AI Agent Framework
A software library that provides the scaffolding for building AI agents—including tool use, memory management, planning loops, and orchestration. Frameworks abstract away low-level LLM interactions so developers can focus on business logic: the framework handles the observe-think-act loop while you define which tools the agent can call and what guardrails apply. Under the hood they reduce to three execution models — Graph-Based Orchestration (you draw the control flow, e.g. LangGraph), role-based crews (you define roles and a coordinator orchestrates, e.g. CrewAI), and handoff (agents pass control to each other, e.g. the OpenAI Agents SDK). The 2026 field consolidated around five production choices: LangGraph, CrewAI, the OpenAI Agents SDK, Google ADK, and the Microsoft Agent Framework (the GA'd merger of AutoGen and Semantic Kernel). Pick by the shape of your workload and your model/cloud commitments, not by popularity — and remember you may not need a framework at all for a single agent with a couple of tools.

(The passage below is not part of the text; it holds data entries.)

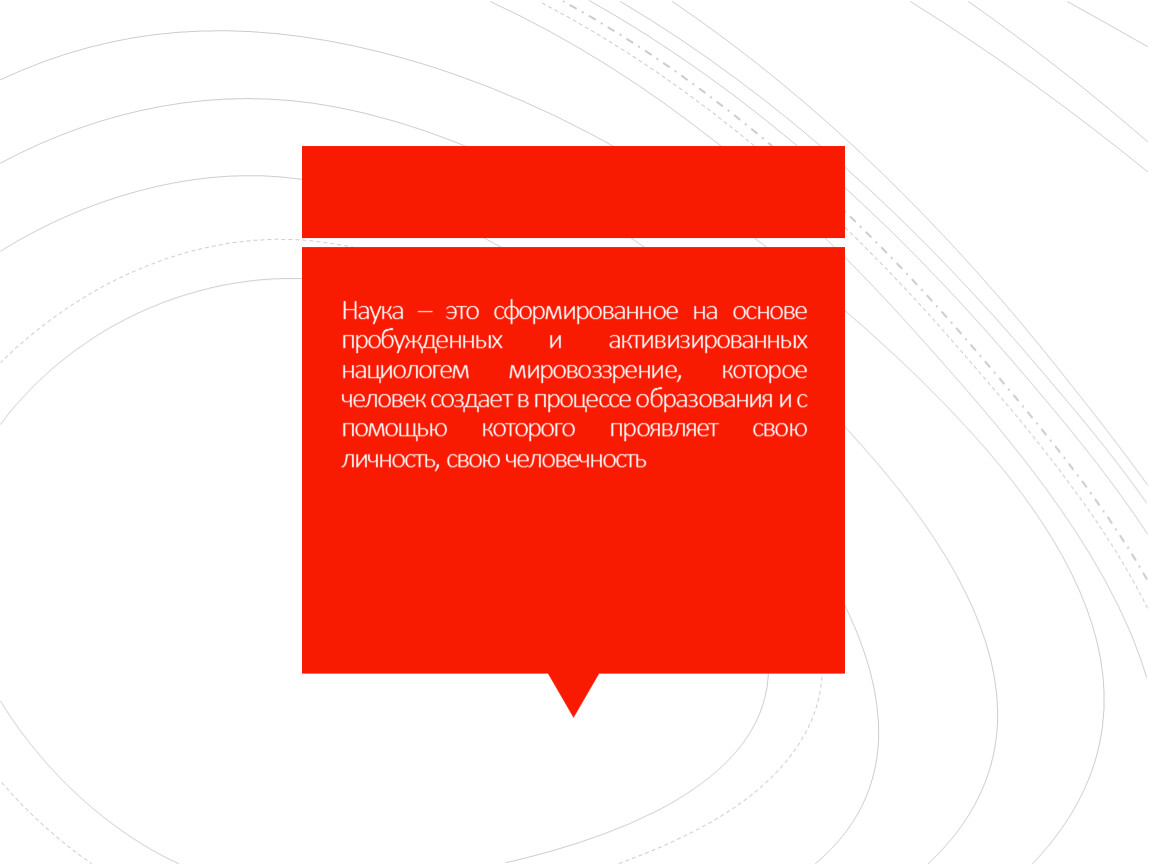 Наука – это сформированное на основе пробужденных и активизированных нациологем мировоззрение, которое человек создает в процессе образования и с помощью которого проявляет свою личность, свою человечность
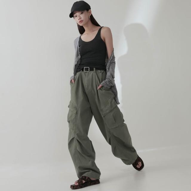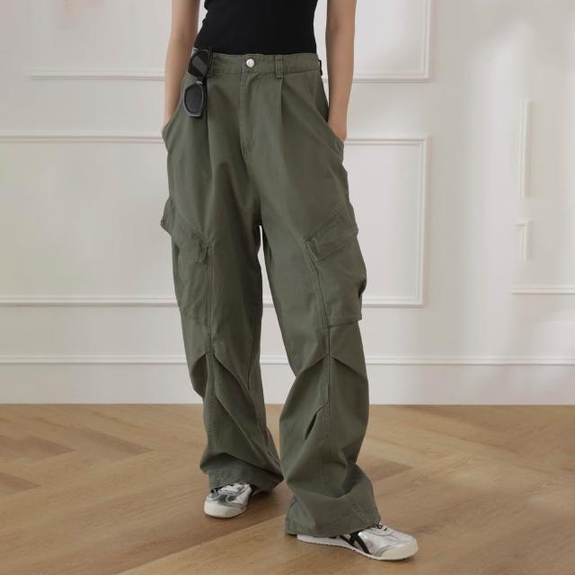 Line-up wears現貨-鬆垮街頭美式抓褶設計工裝褲(彎刀褲 香蕉褲 寬褲 降落傘褲)
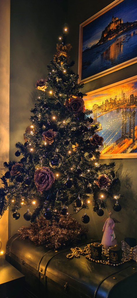 🖤 N-am putut să nu împodobesc brad. Mai sobru, mai neobișnuit, dar l-am făcut, pentru că oricum Crăciunul vine, cu tot cu supărări, cu doliu, și-i totuși cea mai frumoasă dintre sărbători. Ce-i drept nici pe-afară nu se simte defel că-i decembrie și că sărbătorile se-apropie, plouă, iar ornamente și luminițe n-am prea văzut. Când m-am întors însă cu Max de-afară și mi-am văzut prin geam bradul luminând și coronița de pe ușă, am zâmbit. E decembrie. Vin sărbătorile. Chiar dacă anul ăsta am decorat un brad mai neobișnuit, luminițele sunt calde, împrăștie lumină blândă și-aduc un strop, un strop de bucurie, de liniște și tihnă. 🖤

Frequently asked questions
- Which AI agent framework should I choose in 2026?
- Match the framework's execution model to your workload. LangGraph for auditable, durable, Human-in-the-Loop (HITL) production workflows; CrewAI's role-based crews for the fastest prototype of a multi-agent team; the OpenAI Agents SDK for low-friction GPT-centric agents; Google ADK for Gemini/Vertex and multimodal; the Microsoft Agent Framework for Azure/.NET (and as the AutoGen successor). Because tools ride on MCP and agents interoperate over A2A, the choice is largely reversible.